The 22nd edition of the French Film Festival will take place from March 20 – 31, 2025 with screenings at cinematheques throughout the country in Tel Aviv, Haifa, Jerusalem, Herzliya, Holon, Rosh Pina, Sderot, Dimona and the Annis Center in Yafo. The festival is the initiative of Eden Cinema Ltd. and its CEO, Carolyn Boneh, in collaboration with the Institut Francais, and with the support of Unifrance. Boneh, in collaboration with Guillaume Mainguet, the attaché for cinema and audiovisual affairs at the Institut Francais in Tel Aviv have curated a diverse program of films, culled from the best of current French cinema. Screening dates and times may be found on the cinematheque websites.

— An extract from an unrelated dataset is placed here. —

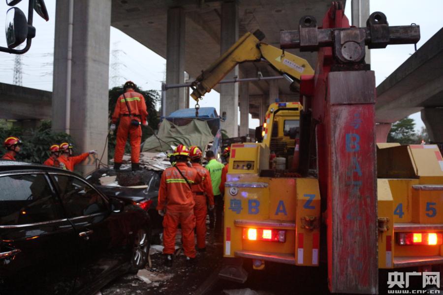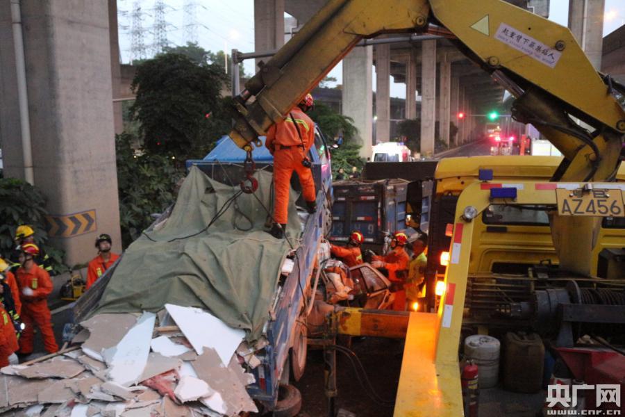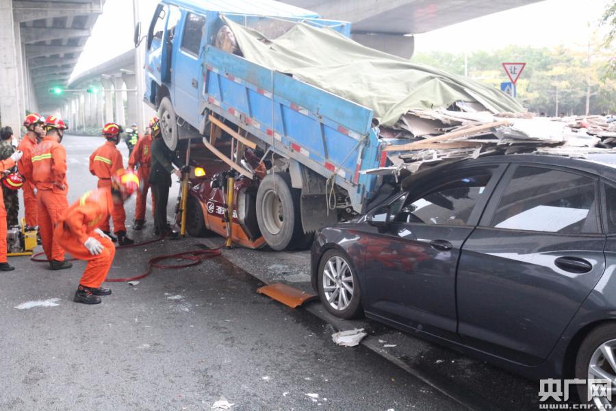 央廣網(wǎng)深圳2月20日消息(記者李強(qiáng) 通訊員黃源 唐麗曼)記者從深圳消防獲悉,2月19日17時(shí)35分,深圳南山區(qū)南海大道與留仙大道交界處往北方向發(fā)生一起七車連環(huán)相撞的嚴(yán)重交通事故,現(xiàn)場有人員被困。西麗消防中隊(duì)接警后立即出動3輛消防車15名指戰(zhàn)員火速趕赴現(xiàn)場處置。 據(jù)了解,事故為兩輛貨車、一輛駕校教練車、一輛混凝土攪拌車、兩輛小轎車和一輛SUV車七車連撞。其中教練車被夾在兩輛貨車中間,被后車埋壓,整車已嚴(yán)重變形,車內(nèi)有一女子被困,并有多車漏油。消防員立即展開救援行動,用水槍對漏油的車輛進(jìn)行稀釋冷卻,同時(shí)利用支撐頂桿撐起埋壓小車的大車,配合120救援人員對被困人員進(jìn)行輸液,為避免傷者收到二次傷害,中隊(duì)指揮員協(xié)調(diào)交警出動大吊車對壓頂?shù)牡踯囘M(jìn)行起吊,在壓住小車的大車被調(diào)開之后,消防員利用液壓擴(kuò)張器將嚴(yán)重變形的小車進(jìn)行破拆,成功將被困人員救出。在場的醫(yī)務(wù)人員立即將其送往醫(yī)院救治。

The festival’s opening film will be En Fanfare (The Marching Band), directed by Emmanuel Courcol. The film stars Benjamin Lavernhe as Thibaut, a renowned orchestra conductor who learns that he has leukemia. In the search for a bone marrow donor, a DNA test reveals that he was adopted, and has a biological brother, Jimmy. Jimmy (Pierre Lottin) has grown up in an environment and social class very different from that of Thibaut and works in a factory. However, it appears that the two brothers share a common interest in music, as Jimmy plays the trombone in a local marching band. When the band loses its conductor, Thibaut takes on the role, and the brothers have a chance to get to know one another.
The festival presents a bountiful harvest of French films annually to Israeli audiences. This year’s program offers a range of films, from drama to comedy, focusing on family, relationships, social issues, adolescence and old age.

Closing the festival will be Le Roman de Jim (Jim’s Story), directed by Arnaud Larrieu and Jean-Marie Larrieu. Based on the eponymous novel by Pierric Bailey, Jim’s story begins before he was born. His mother Florence (Laetitia Dosch), six months pregnant from her relationship with a married man, runs into a former co-worker Aymeric (Karim Leklou). The two connect, and decide to become a family, raising Jim together – an idyll that is dramatically interrupted when Jim’s biological father reappears.
Relationships are at the heart of La Prisonniere de Bordeaux (Visiting Hours), directed by Patricia Mazuy. Isabelle Huppert and Hafsia Herzi (The Rapture – Le Ravissement), two strong actors, anchor this film, portraying two very different women trapped by a similar predicament – their partners are currently incarcerated. Alma (Huppert), a former dancer, is the wife of a wealthy, philandering surgeon, who wanders lonely and aimlessly through the rooms of her enormous, luxurious home, between visits to her indifferent husband. On one such visit, Alma observes Mina (Herzi), who, on encountering a bureaucratic block, resorts to wily tactics to try to get in to see her husband. Amused, or perhaps just bored, Alma reaches out to Mina, and the two form a friendship of sorts.
Laetitia Dosch, who portrays Florence in the festival’s closing film, Le Roman de Jim, makes her directorial debut in Le Procès du Chien (Dog on Trial). Dosch, who co-wrote the screenplay with Anne-Sophie Bailly, stars as Avril Lucciani, an idealistic lawyer who takes on the most hopeless of cases. On the verge of being fired – because she always loses in court – she finds she can’t say no to defending Cosmos (Kodi), a dog who has bitten several people, disfiguring one woman’s face. If the court rules against the dog’s owner, Dariuch Michovski (François Damiens), then not only will he have to pay a hefty fine, the dog, Cosmos, will be put down. Taking on the case, Avril argues for trying Cosmos as an individual – which makes this a very amusing film, yet also raises the issue of how we humans treat our fellow canine creatures.
The full program of films may be found on the cinematheques websites.